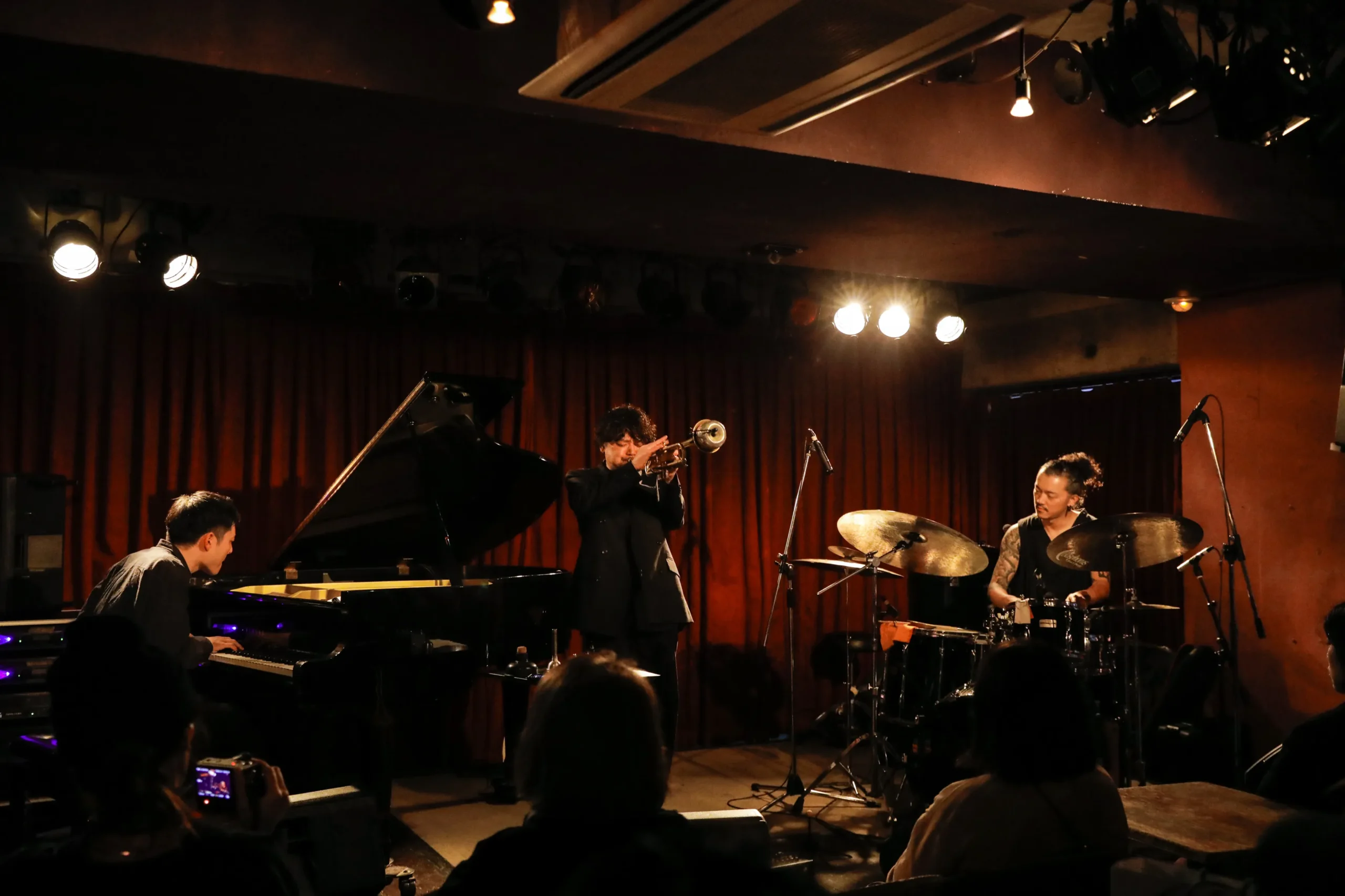 3人の演奏が映し出す光景は、ときに激しい荒波のようであり、ときに切ない夕景のようでもあった。演奏している3人の間にはどんな景色が見えているのだろうか。目を凝らすようにして他の2人のプレイを見つめたり、まったくもって自分の内側を見つめているようだったりする3人の演奏する姿を観ながら、そんなことを感じる。
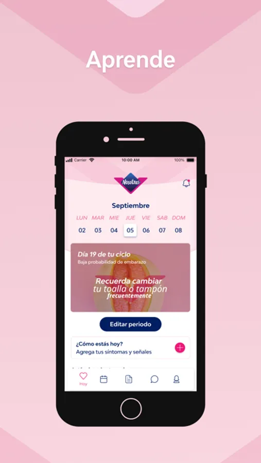 Notifica datos de interés personalizados y generales que apoyan su rutina diaria, y además, responde inquietudes por parte de profesionales, sin tabúes, ni tapujos, guiando de una manera amigable, a las mujeres desde la primera menstruación hasta la pre menopausia.
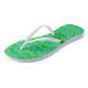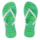 Flip flops in an African inspired contemporary take on a tribal textile print, rendered in a batik dyed texture - shades of light to deep jade green and lime green, accented with white and teal
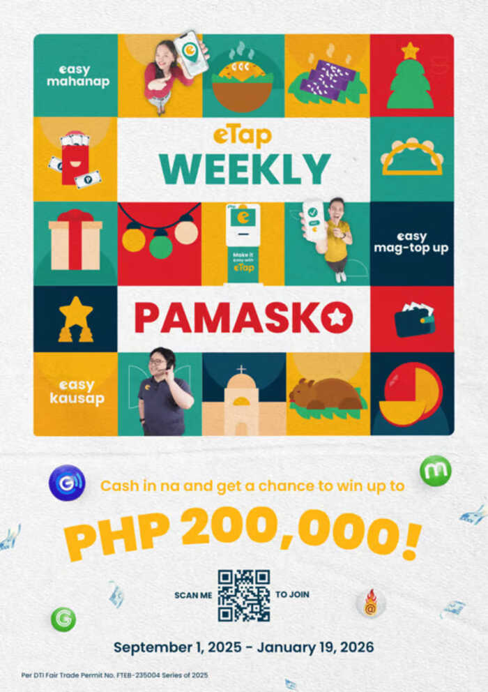 With the ‘Ber months finally here, leading self-service payments kiosk provider eTap Solutions is giving Filipinos a new way to try their luck and add to the holiday cheer: from September 1, 2025, to January 19, 2026, eTap users can submit their entries to the eTap Weekly Pamasko campaign for a chance to win up to P200,000!
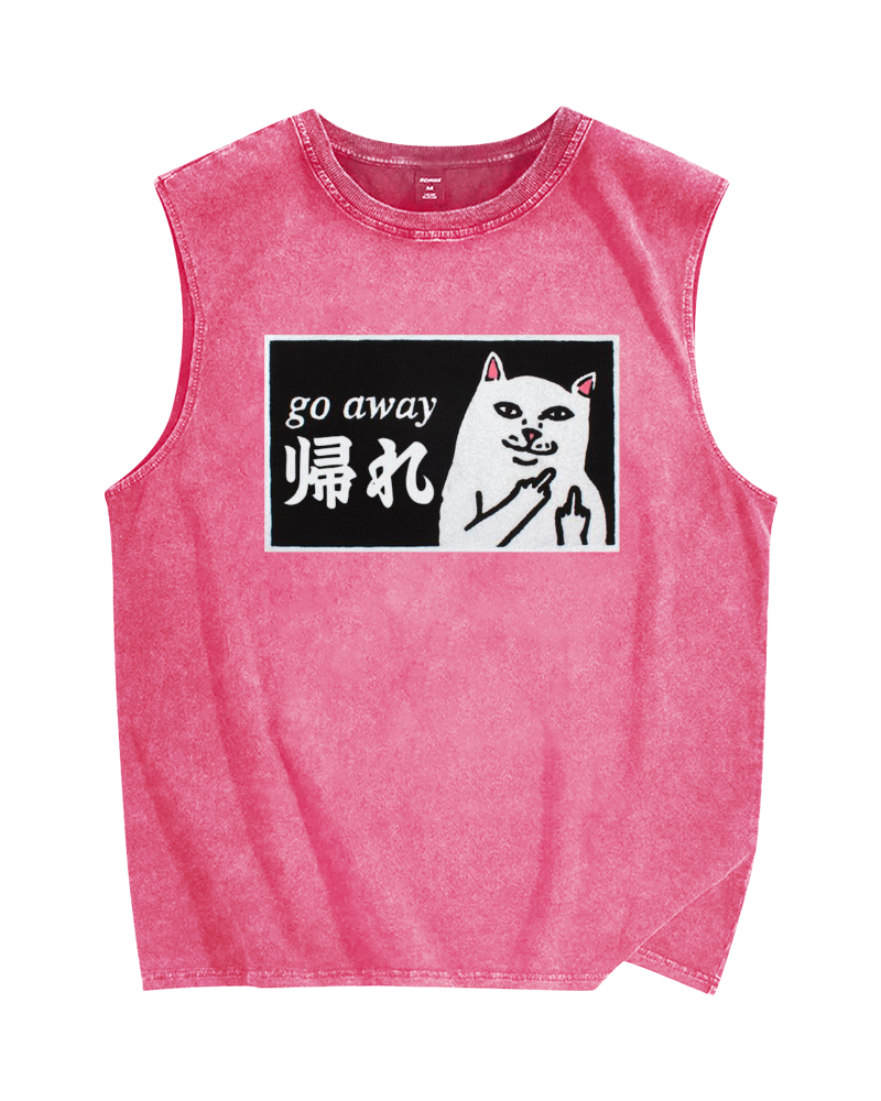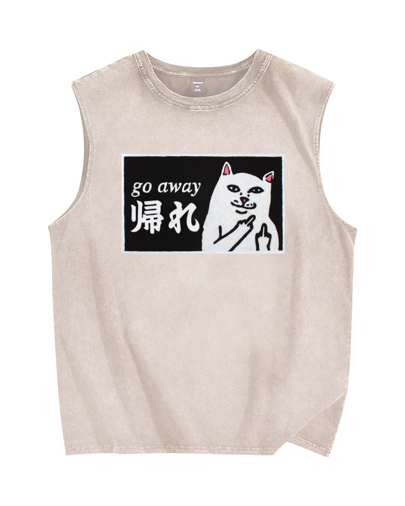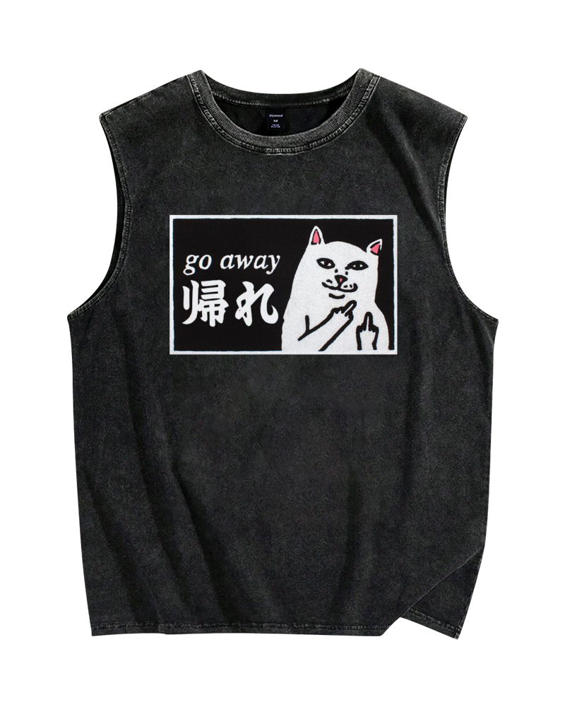 Tokyo-Assassin Go Away White Cat Vintage Distressed Washed Tank Top
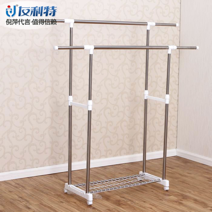 產(chǎn)品型號:YLT-0329 產(chǎn)品名稱:雙桿落地式晾衣桿 產(chǎn)品尺寸:(1010-1500)x430x(950-1600)mm 材 質(zhì):不銹鋼復(fù)合管 Φ29.4,Φ25.4,Φ19.1、工程塑料
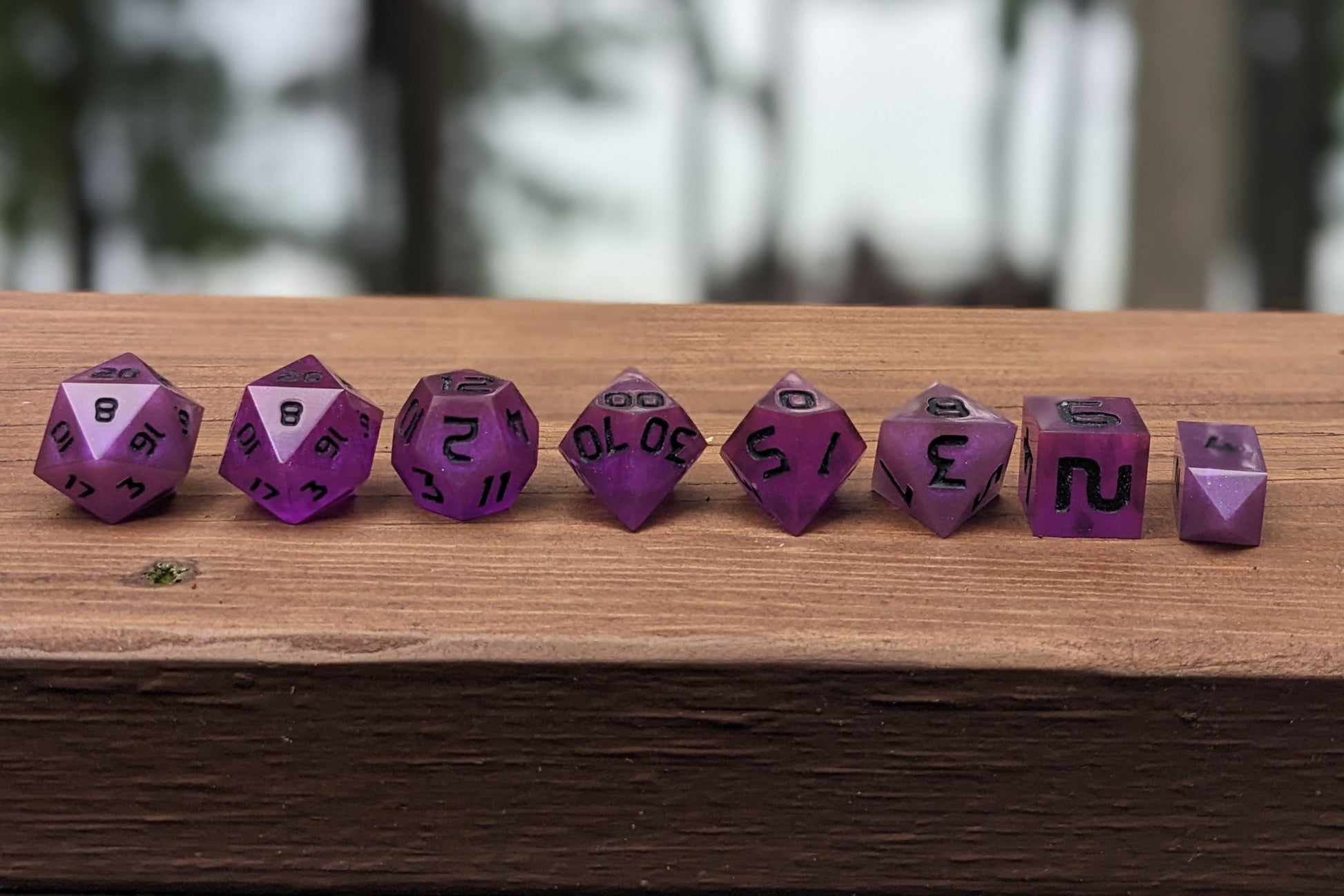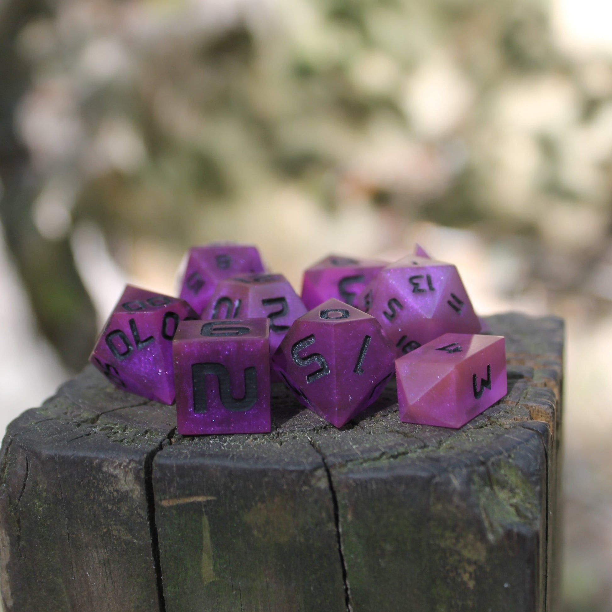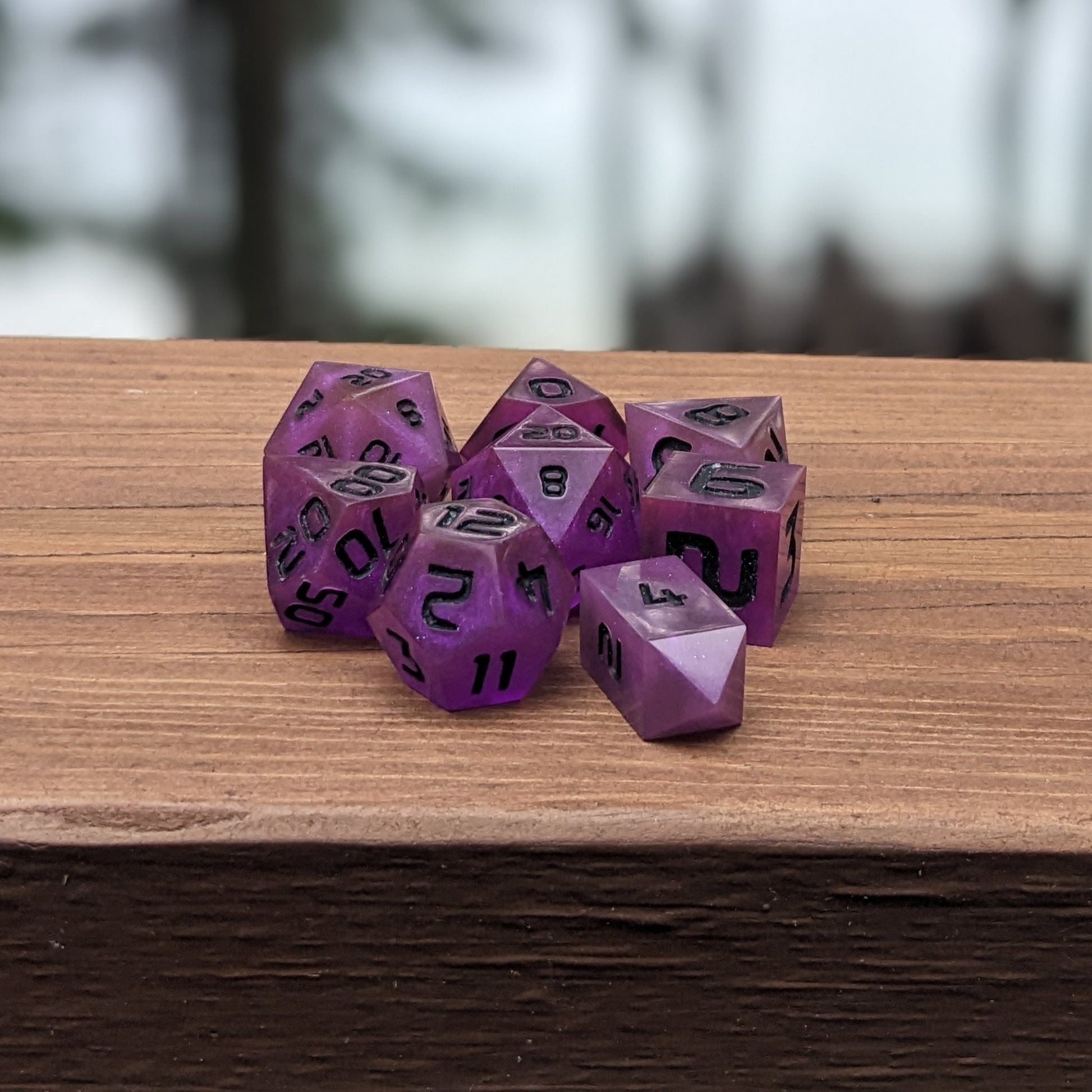 - Deep purple dice inspired by amethyst
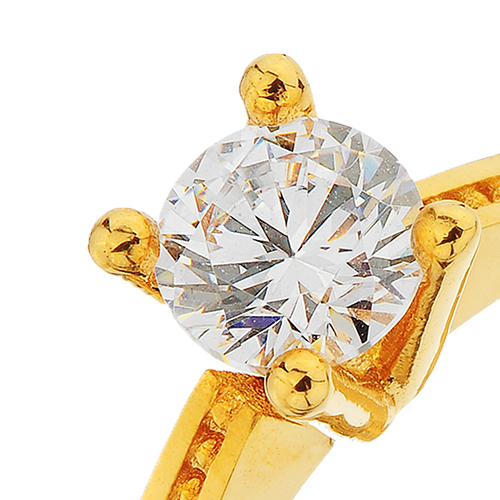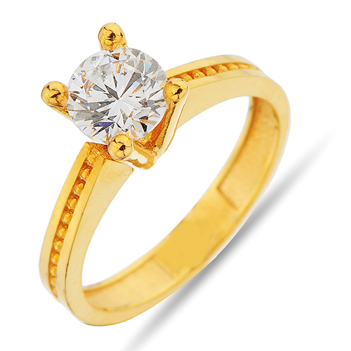 This dreamlike 21k gold Yellow ring, produced by Larin is delicately conceived with a beautiful gem in the claws of the four points. The small bands add elegance to the classic environment.

+++

__DESCRIPTION OF THE TASK__:
Please retype, exactly and only, the lines from the one holding "- Deep purple dice inspired by amethyst" to the end of the entries, both ends included, without any pictures.

__RESULT OF THIS EXERCISE__:
 - Deep purple dice inspired by amethyst
 This dreamlike 21k gold Yellow ring, produced by Larin is delicately conceived with a beautiful gem in the claws of the four points. The small bands add elegance to the classic environment.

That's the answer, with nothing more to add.